As parents we all fight that terrible battle and yet we soldier on and do our best.
Being a parent is courageous.
No matter where you stand on a million little issues that the media and other parents would like to pit us against each other on: believing in your stance and parenting by it, is courageous.
Raising your child so that one day they will no longer need you is courageous.
Life… is all about struggling through fear. About being courageous in the face of situations where you’re licked before you begin.
How you approach those situations, I think, is where the true parenting lies.
That is what makes you “mom enough.”
This post is inspired by the novel Julia’s Child by Sarah Pinneo, a book I really enjoyed although I barely even touched on the plot here. Worried about what her kids eat, Julia Bailey starts a prepared organic toddler meals business. With names like Gentil Lentil, can Julia balance work and family and still save the world?
Join From Left to Write on May 24 as we discuss Julia’s Child. As a member, I received a copy of the book for review purposes.
Gracie says
Organic farming is the process of producing vegetables and fruits without the use of artificial fertilizers and chemical pesticides. It is believed that food grown organically are more healthy, tastes better and has higher nutritional values as opposed to the traditional method of farming.
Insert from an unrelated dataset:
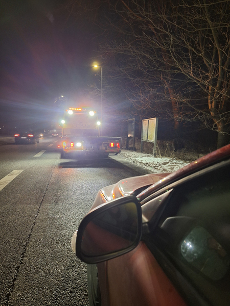 Etwas 10km vor dem Fährhafen, mitten auf einer vielbefahrenen Landstraße gibt es plötzlich ein dumpfes PFUMP, der Wagen nimmt kein Gas mehr an, rollt aus und bleibt schließlich stehen. Der Motor gibt keinen Mucks mehr von sich. Selbst der Warnblinker setzt immer wieder aus, was bei der bereits eingetretenen Dämmerung ein zusätzliches Problem an der Stelle ist. Durch Zufall kommt eine Polizeistreife vorbei, sichert uns mit Blaulicht ab und hilft, den Wagen ca. 200m weiter in eine Parkbucht zu schieben.

This is a return to the methods used in the past by our ancestors before the discovery of chemicals in crop propagation.
Sarah P. / Julia's Child says
Thank you for reading! Yes–Julia worries constantly about being “mom enough.” And I think… so do I.
S.P.
Jessie Siega says
I think I am mom enough since I give everything for the good of my kids. I believe also that breastfeeding is important for babies to develop well their body and the brain. I want to give best for my kids.